# pp& ss



## hoggy (Apr 17, 2017)

a pp boyscout and custom color ss clips that i call my black widow boyscout.


----------



## MOJAVE MO (Apr 11, 2018)

hoggy said:


> a pp boyscout and custom color ss clips that i call my black widow boyscout.
> 
> 
> 
> ...


Those PP Boyscouts are a peach of a frame. I had an orange one that I loaned out to a co-worker a year ago that actually avoided giving it back. That was a little weird for me. I now try to get a Drivers License or Major Credit Card upfront. 

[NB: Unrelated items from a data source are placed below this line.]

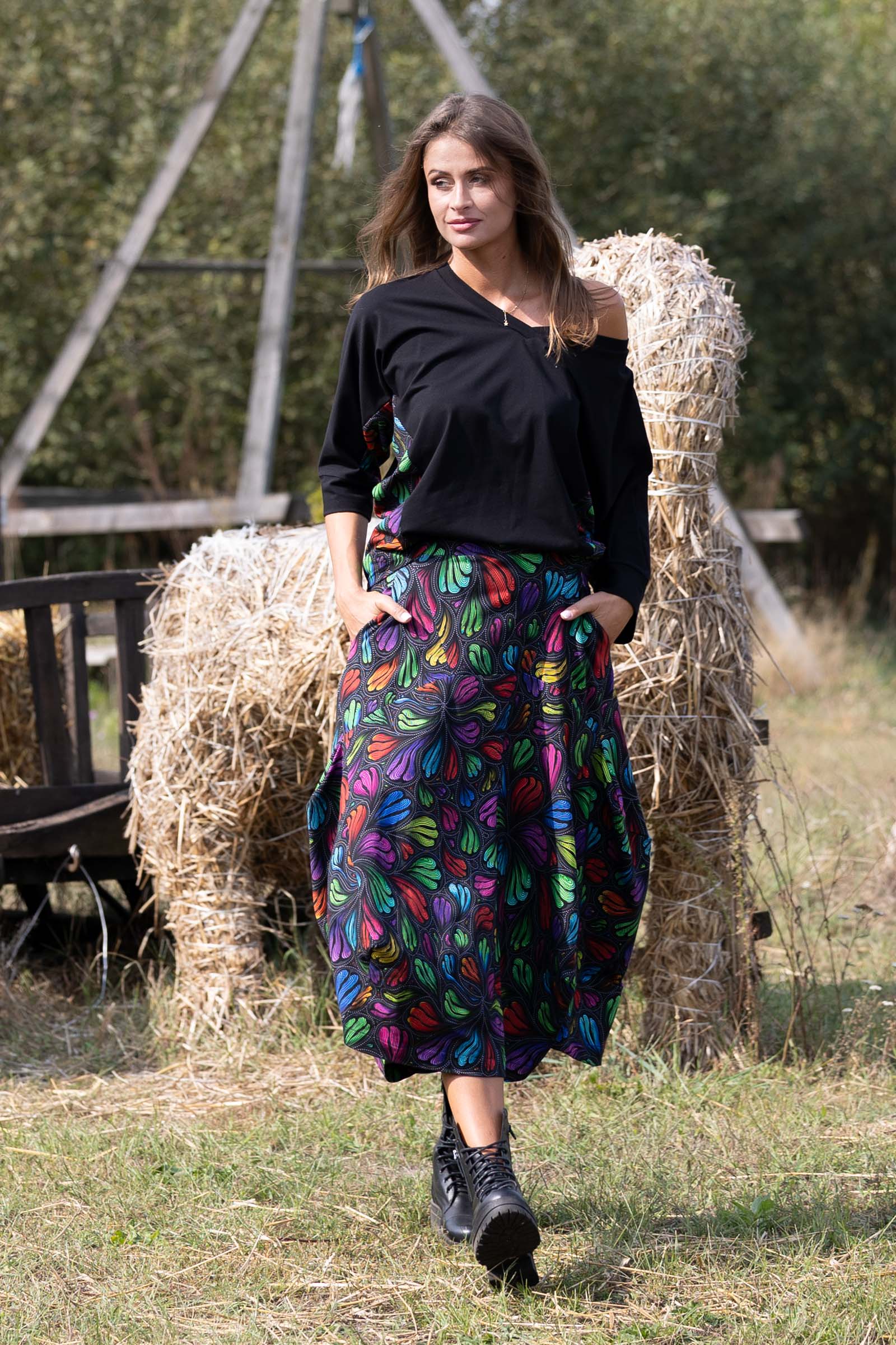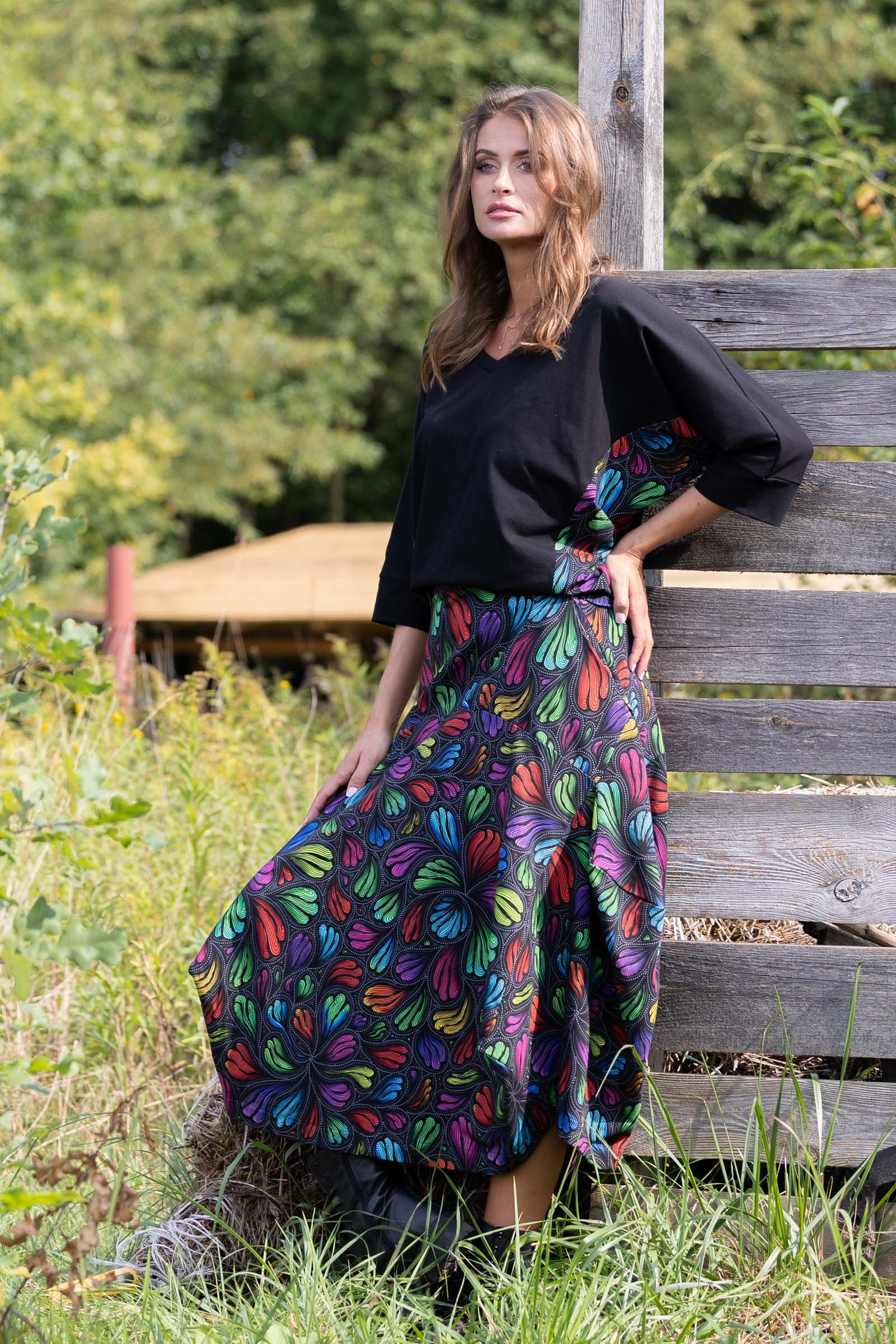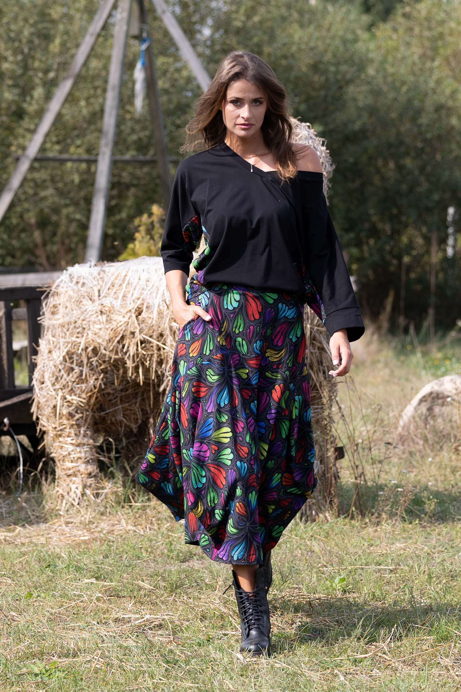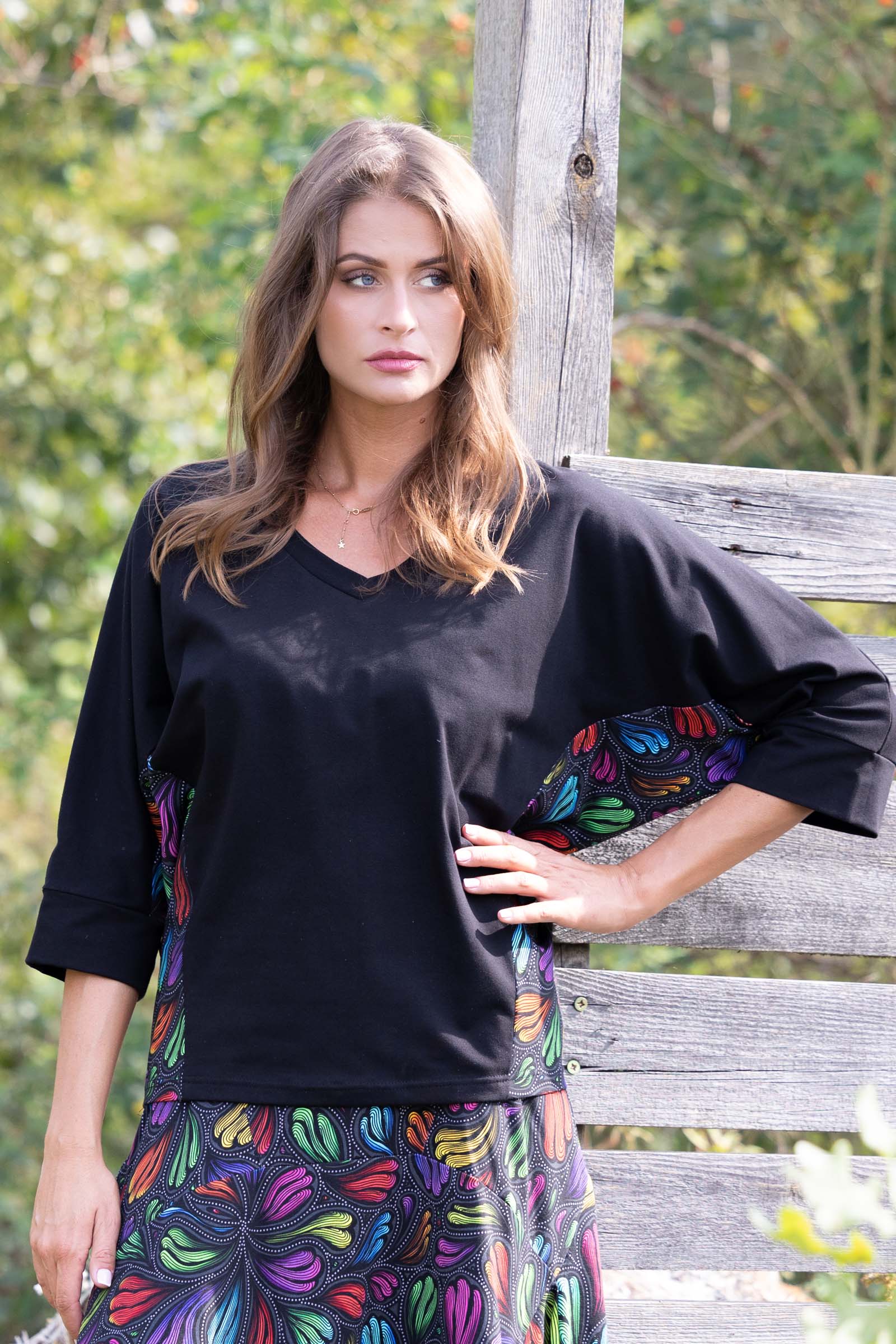 Oversizowa bluzka z kimonowymi rękawami to wyjątkowa propozycja dla osób ceniących styl i komfort. Luźny krój zapewnia swobodę noszenia, a rękawy zakończone mankietami dodają elegancji. Bluzka posiada dekolt w kształcie litery V. Unikalnym elementem są kolorowe wstawki po bokach, w autorskim wzorze zaprojektowanym przez Katarzynę Gałaj, właścicielkę i twórczynię marki. Uszyta z bawełnianej dzianiny. To idealne połączenie oryginalności i funkcjonalności, które doskonale sprawdzi się w codziennych stylizacjach.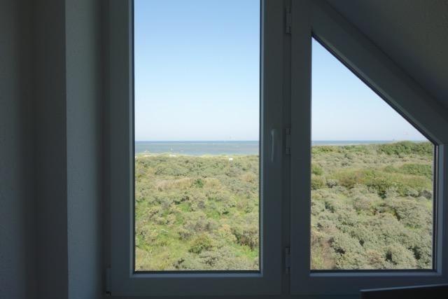 Zwei Schlafräume und das WC befinden sich im Erdgeschoss. Der Wohnraum ist mit einer weißen bulthaup-Küche ausgestattet. Der Blick vom Wohnzimmertisch aus geht über die Dünen auf das offene Meer. Im Obergeschoss hat man einen herrlichen Blick auf das Meer. Hier kann man auf einem Futon schlafen.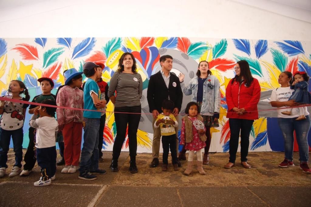 El mural está conformado por ocho mamparas de 2.44 metros de alto por 11.52 metros de largo, el cual fue intervenido por cerca de 800 niñas y niños, recorrerá siete Centros Regionales de Cultura y permanecerá durante un mes en cada recinto, iniciando este 14 de junio en el Centro Regional de Valle de Bravo.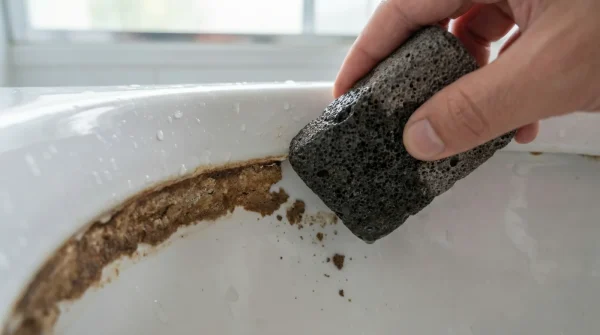 - Islak ponza taşı klozetteki sararmış kireç halkalarını porseleni çizmeden söküyor.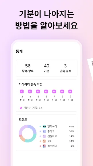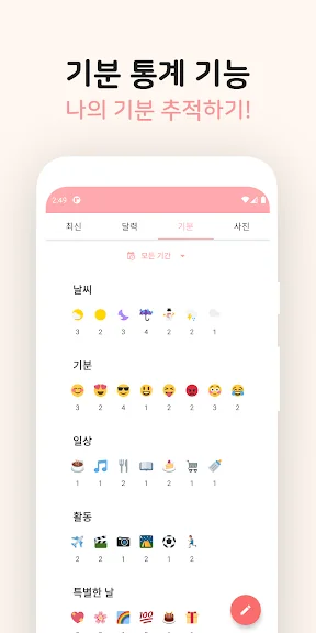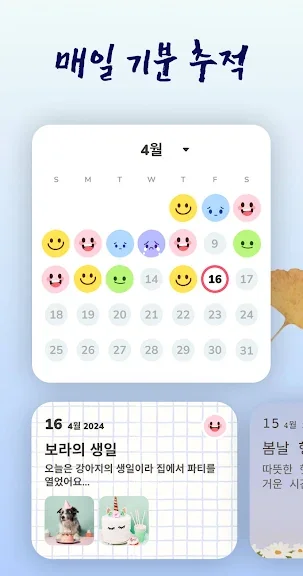 기분 추적기: 일기장 기분 추적을 통해 매일의 감정을 기록하고, 감정일기를 사용하여 기분 변화를 분석하세요.

Sent from my SM-G965U using Tapatalk


----------



## hoggy (Apr 17, 2017)

MOJAVE MO said:


> hoggy said:
> 
> 
> > a pp boyscout and custom color ss clips that i call my black widow boyscout.
> ...


do what you got to do brother figer.


----------



## NSFC (Mar 31, 2020)

I like it , looks like a solid shooter. I find it funny when we name our slings, like a pet, or pretend friend. And we show them off to our friends. Which shows our attetchment to our craft. Some people call this a hobby/sport, but the real shooters know its an addiction, or life style. The black widow very fitting name. :imslow:


----------



## hoggy (Apr 17, 2017)

NSFC said:


> I like it , looks like a solid shooter. I find it funny when we name our slings, like a pet, or pretend friend. And we show them off to our friends. Which shows our attetchment to our craft. Some people call this a hobby/sport, but the real shooters know its an addiction, or life style. The black widow very fitting name.


cool, thanks


----------



## skarrd (Jul 20, 2011)

warriors always name their weapons,Dwarves too


----------



## hoggy (Apr 17, 2017)

skarrd said:


> warriors always name their weapons,Dwarves too


cool.


----------



## Tag (Jun 11, 2014)

Love that setup, I wish sometimes I could shoot TTF


----------